◆ Task to carry out ◆
Copy out the full data exactly as given; pictures should not be included.

◆ Dataset extract ◆
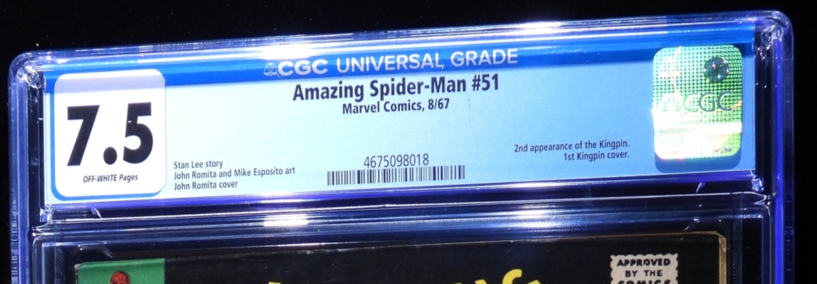 CGC 7.5 Off-white pages. Marvel Comics. 1967 2nd appearance of Kingpin. 1st Kingpin cover
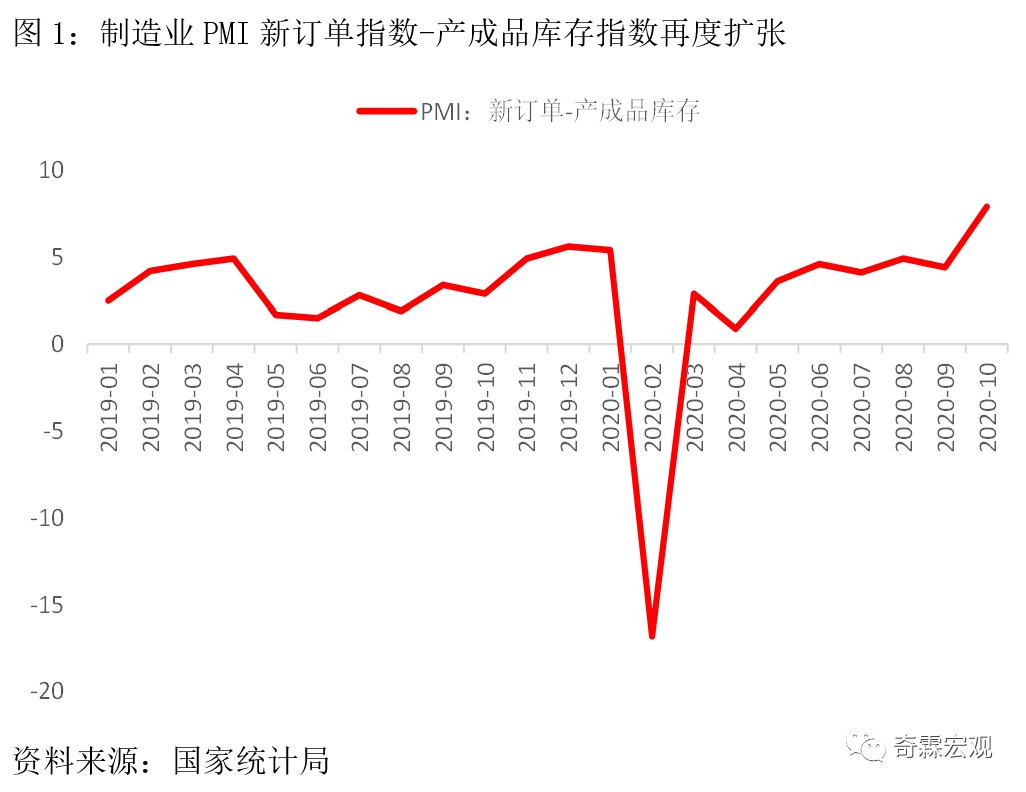 可见,需求是非常好的。好到不需要产出大的放缓就可以大幅去化产成品库存,好到出厂价格指数甚至拉升了,从52.5%提高到了53.2%。所以,PMI新订单减去产成品库存指数重新往上走了。
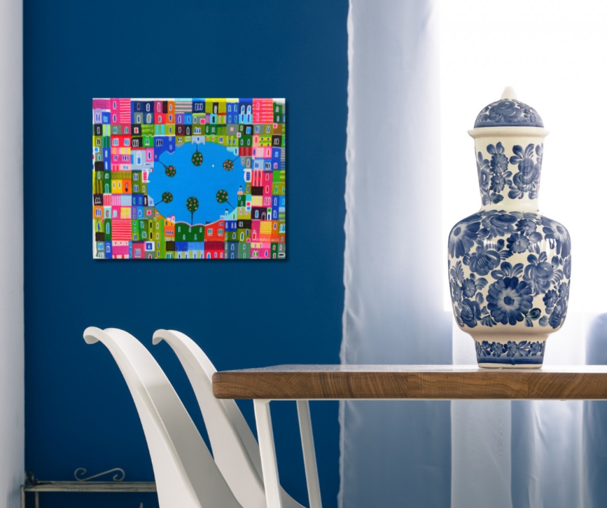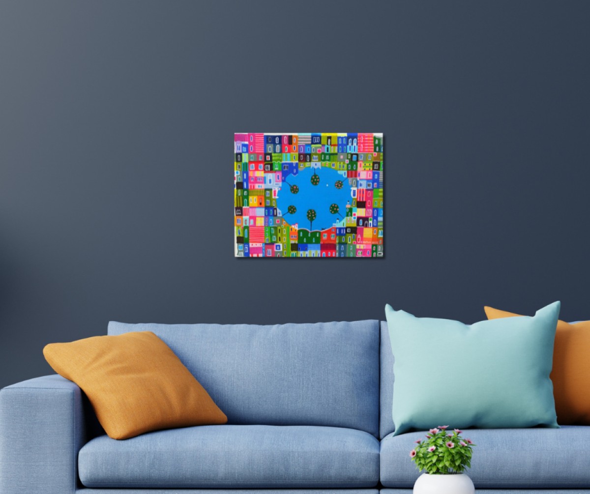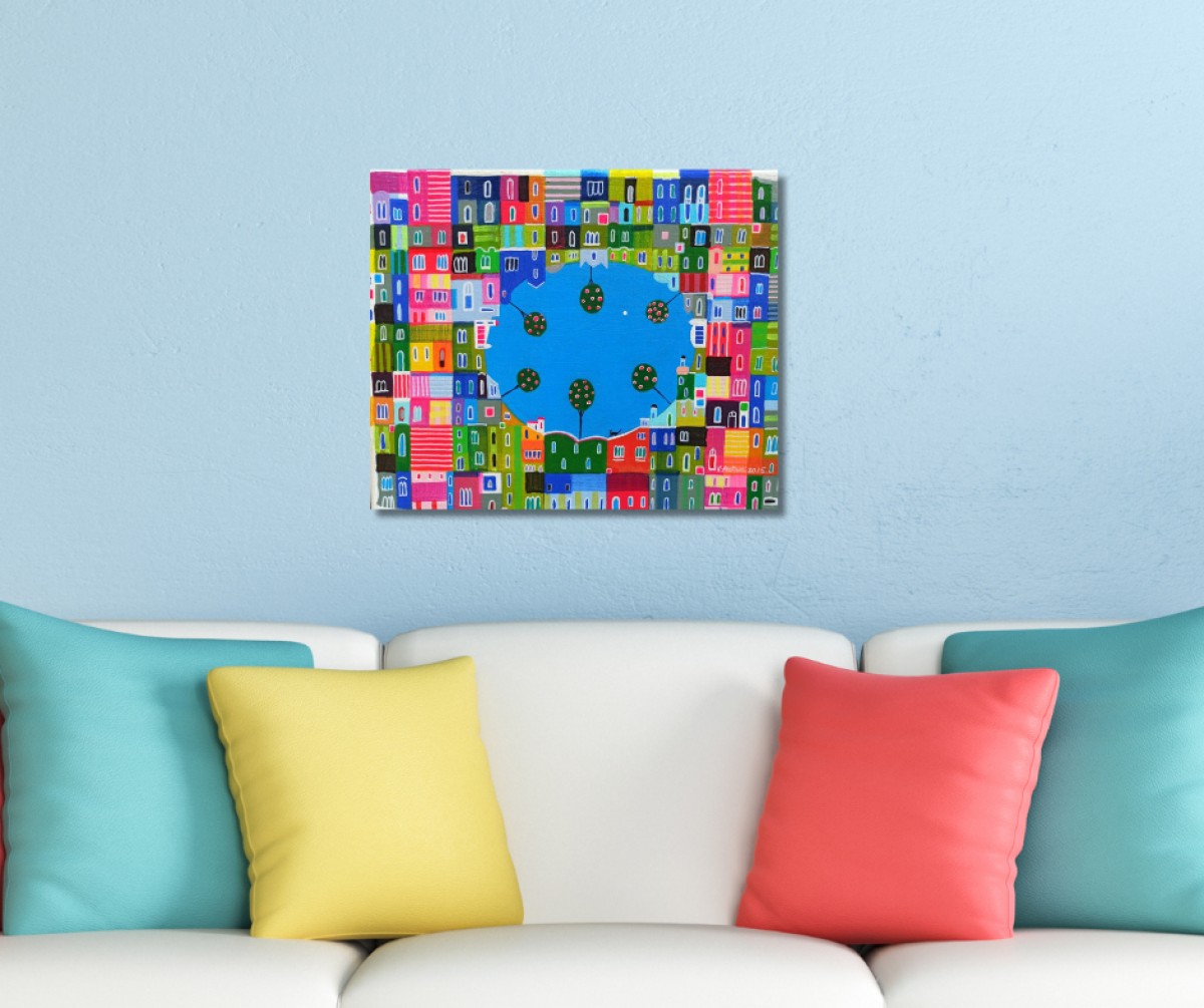 The painting is 2 cm deep and can be hung without an additional frame, also all picture sides are painted.
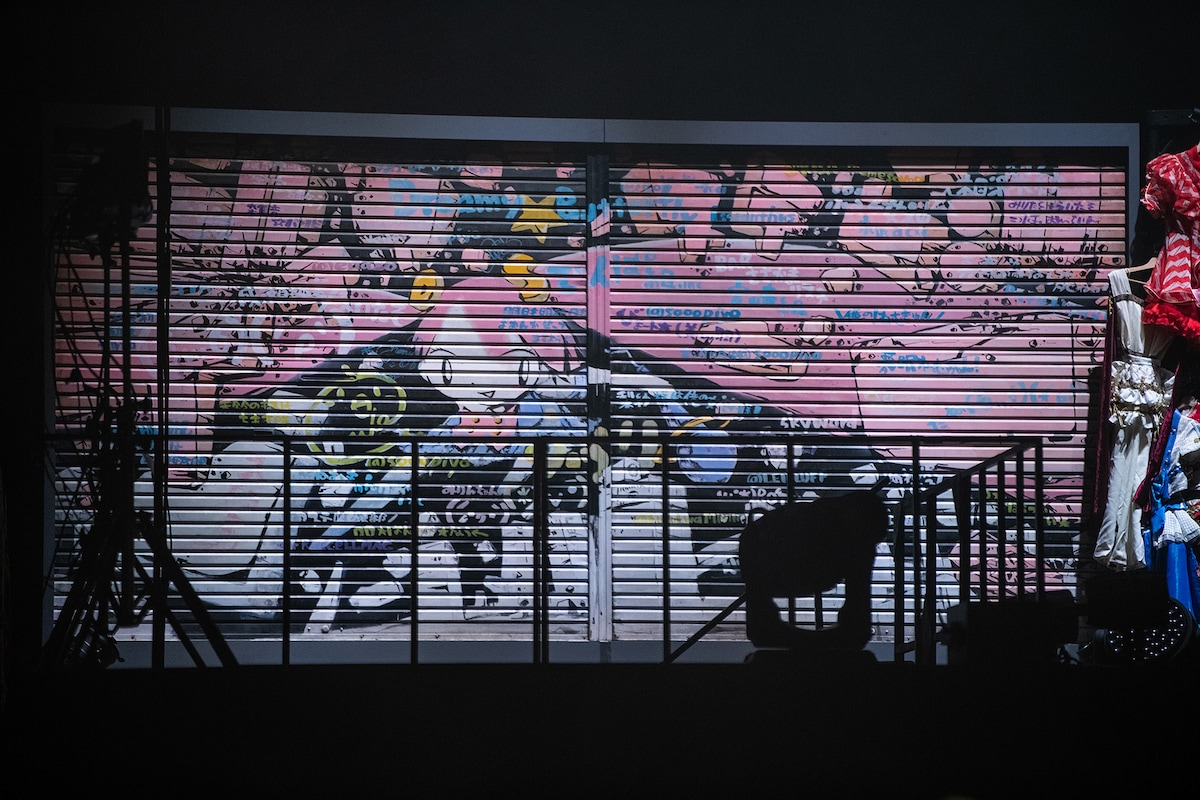 「事務所にある衣装をすべて持ち込んで、もふくちゃんが当日朝の4時頃からかな? 現場でヘルメット被って衣装を並べる順番から見え方まで全部指示してました。『水野さんも手が空いてるなら衣装持ってきて!』みたいな(笑)。あとシャッターはもふくちゃんの瞬発力ですよね。『ディアステの象徴だから絶対持っていく』『ステージに置いたらカッコいい』とか言って年末に店から外して持ってきた。でも実際運ぶと想像以上にデカくて重くて(笑)。どこに飾るのかも最後まで決まらなくて、あそこに置こうって決まったのはほぼ当日だったんじゃないかな。外したはいいけどそこまで深く考えてなかった。ライブ終わっても結局もう元には戻せないし、ホントに行き当たりばったりでしたよね(笑)」

◆ Expected answer ◆
 CGC 7.5 Off-white pages. Marvel Comics. 1967 2nd appearance of Kingpin. 1st Kingpin cover
 可见,需求是非常好的。好到不需要产出大的放缓就可以大幅去化产成品库存,好到出厂价格指数甚至拉升了,从52.5%提高到了53.2%。所以,PMI新订单减去产成品库存指数重新往上走了。
 The painting is 2 cm deep and can be hung without an additional frame, also all picture sides are painted.
 「事務所にある衣装をすべて持ち込んで、もふくちゃんが当日朝の4時頃からかな? 現場でヘルメット被って衣装を並べる順番から見え方まで全部指示してました。『水野さんも手が空いてるなら衣装持ってきて!』みたいな(笑)。あとシャッターはもふくちゃんの瞬発力ですよね。『ディアステの象徴だから絶対持っていく』『ステージに置いたらカッコいい』とか言って年末に店から外して持ってきた。でも実際運ぶと想像以上にデカくて重くて(笑)。どこに飾るのかも最後まで決まらなくて、あそこに置こうって決まったのはほぼ当日だったんじゃないかな。外したはいいけどそこまで深く考えてなかった。ライブ終わっても結局もう元には戻せないし、ホントに行き当たりばったりでしたよね(笑)」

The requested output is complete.